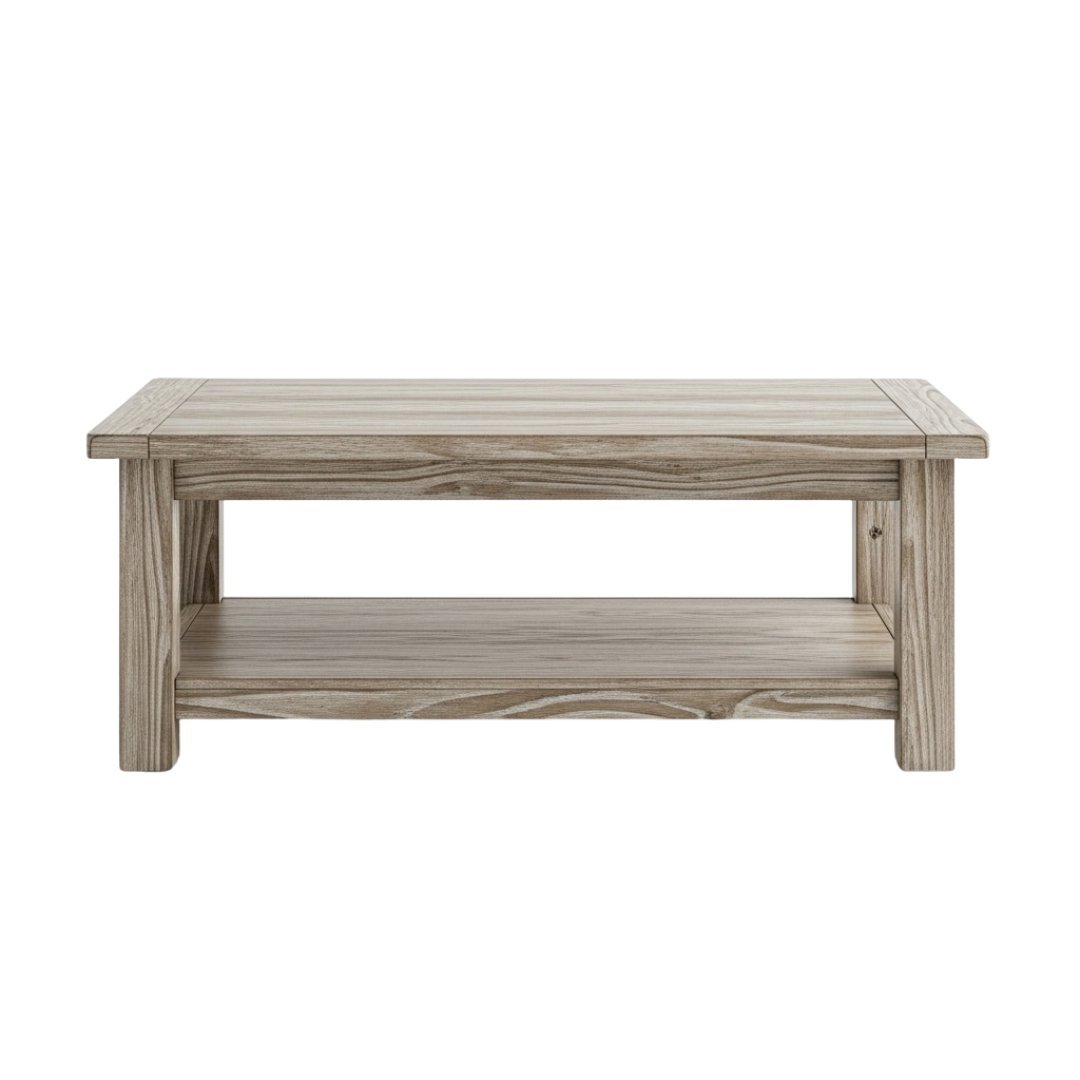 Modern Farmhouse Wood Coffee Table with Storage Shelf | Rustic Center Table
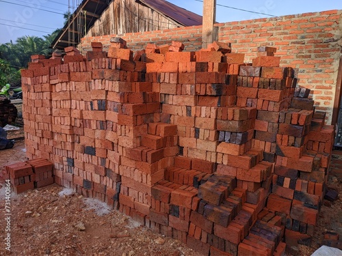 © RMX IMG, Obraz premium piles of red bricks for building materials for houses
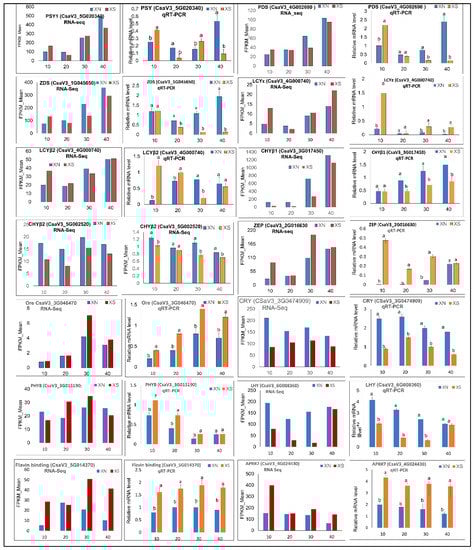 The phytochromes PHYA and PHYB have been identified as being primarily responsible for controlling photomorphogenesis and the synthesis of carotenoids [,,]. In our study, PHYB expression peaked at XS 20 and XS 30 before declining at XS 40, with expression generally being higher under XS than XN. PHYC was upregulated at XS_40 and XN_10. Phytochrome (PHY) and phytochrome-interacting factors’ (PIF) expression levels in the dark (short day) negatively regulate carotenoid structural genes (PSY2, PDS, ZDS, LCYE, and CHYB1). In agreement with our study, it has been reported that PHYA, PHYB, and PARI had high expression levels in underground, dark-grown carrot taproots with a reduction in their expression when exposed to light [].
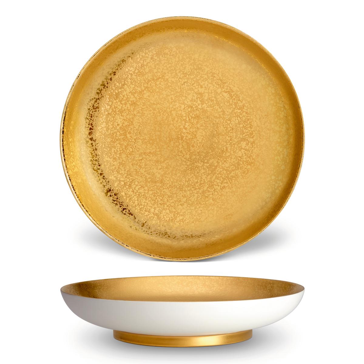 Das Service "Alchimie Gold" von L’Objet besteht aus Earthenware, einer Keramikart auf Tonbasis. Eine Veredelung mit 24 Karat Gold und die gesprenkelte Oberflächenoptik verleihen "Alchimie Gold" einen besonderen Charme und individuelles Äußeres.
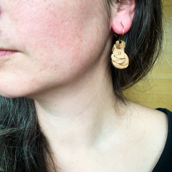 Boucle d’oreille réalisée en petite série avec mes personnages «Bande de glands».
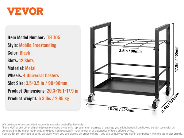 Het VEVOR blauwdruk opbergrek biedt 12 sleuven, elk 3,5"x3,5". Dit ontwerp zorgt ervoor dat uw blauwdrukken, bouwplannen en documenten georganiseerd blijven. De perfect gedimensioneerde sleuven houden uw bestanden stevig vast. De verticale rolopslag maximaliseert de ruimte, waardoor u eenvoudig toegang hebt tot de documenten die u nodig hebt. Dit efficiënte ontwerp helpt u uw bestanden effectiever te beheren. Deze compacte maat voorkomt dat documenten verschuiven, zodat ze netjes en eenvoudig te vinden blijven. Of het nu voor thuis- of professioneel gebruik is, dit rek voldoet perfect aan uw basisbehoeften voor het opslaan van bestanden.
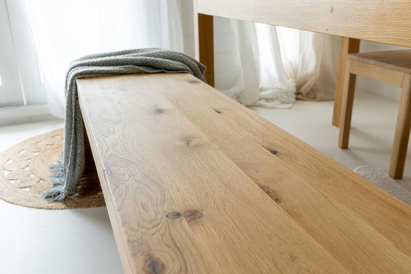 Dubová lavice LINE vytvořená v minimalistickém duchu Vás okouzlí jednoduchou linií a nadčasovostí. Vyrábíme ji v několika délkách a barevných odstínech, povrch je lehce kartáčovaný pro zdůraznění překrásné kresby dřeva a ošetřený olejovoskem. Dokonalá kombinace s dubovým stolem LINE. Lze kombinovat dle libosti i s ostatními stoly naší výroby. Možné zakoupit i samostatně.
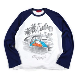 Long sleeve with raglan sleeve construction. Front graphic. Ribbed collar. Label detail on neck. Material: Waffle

☆ ☆ ☆ ☆

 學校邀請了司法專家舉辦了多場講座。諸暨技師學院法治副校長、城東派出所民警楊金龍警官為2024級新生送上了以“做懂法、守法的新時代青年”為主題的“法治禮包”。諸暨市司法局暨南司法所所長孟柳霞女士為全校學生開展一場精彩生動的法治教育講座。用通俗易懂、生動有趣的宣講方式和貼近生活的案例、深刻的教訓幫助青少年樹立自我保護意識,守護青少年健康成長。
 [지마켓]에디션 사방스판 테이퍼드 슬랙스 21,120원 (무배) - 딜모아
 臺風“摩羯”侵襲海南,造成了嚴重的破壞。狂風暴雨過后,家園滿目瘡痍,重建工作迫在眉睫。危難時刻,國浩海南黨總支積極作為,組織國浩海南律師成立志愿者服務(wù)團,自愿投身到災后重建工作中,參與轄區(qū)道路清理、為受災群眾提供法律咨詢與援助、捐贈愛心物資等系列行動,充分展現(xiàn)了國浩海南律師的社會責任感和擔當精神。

☆ ☆ ☆ ☆

TASK STATEMENT | Return exactly the part of the listing above that opens with the line containing "Modern Farmhouse Wood" and closes with the line containing "Dubová lavice LINE". Pictures stay out.

RESULT OF THIS TASK |
 Modern Farmhouse Wood Coffee Table with Storage Shelf | Rustic Center Table
 © RMX IMG, Obraz premium piles of red bricks for building materials for houses
 The phytochromes PHYA and PHYB have been identified as being primarily responsible for controlling photomorphogenesis and the synthesis of carotenoids [,,]. In our study, PHYB expression peaked at XS 20 and XS 30 before declining at XS 40, with expression generally being higher under XS than XN. PHYC was upregulated at XS_40 and XN_10. Phytochrome (PHY) and phytochrome-interacting factors’ (PIF) expression levels in the dark (short day) negatively regulate carotenoid structural genes (PSY2, PDS, ZDS, LCYE, and CHYB1). In agreement with our study, it has been reported that PHYA, PHYB, and PARI had high expression levels in underground, dark-grown carrot taproots with a reduction in their expression when exposed to light [].
 Das Service "Alchimie Gold" von L’Objet besteht aus Earthenware, einer Keramikart auf Tonbasis. Eine Veredelung mit 24 Karat Gold und die gesprenkelte Oberflächenoptik verleihen "Alchimie Gold" einen besonderen Charme und individuelles Äußeres.
 Boucle d’oreille réalisée en petite série avec mes personnages «Bande de glands».
 Het VEVOR blauwdruk opbergrek biedt 12 sleuven, elk 3,5"x3,5". Dit ontwerp zorgt ervoor dat uw blauwdrukken, bouwplannen en documenten georganiseerd blijven. De perfect gedimensioneerde sleuven houden uw bestanden stevig vast. De verticale rolopslag maximaliseert de ruimte, waardoor u eenvoudig toegang hebt tot de documenten die u nodig hebt. Dit efficiënte ontwerp helpt u uw bestanden effectiever te beheren. Deze compacte maat voorkomt dat documenten verschuiven, zodat ze netjes en eenvoudig te vinden blijven. Of het nu voor thuis- of professioneel gebruik is, dit rek voldoet perfect aan uw basisbehoeften voor het opslaan van bestanden.
 Dubová lavice LINE vytvořená v minimalistickém duchu Vás okouzlí jednoduchou linií a nadčasovostí. Vyrábíme ji v několika délkách a barevných odstínech, povrch je lehce kartáčovaný pro zdůraznění překrásné kresby dřeva a ošetřený olejovoskem. Dokonalá kombinace s dubovým stolem LINE. Lze kombinovat dle libosti i s ostatními stoly naší výroby. Možné zakoupit i samostatně.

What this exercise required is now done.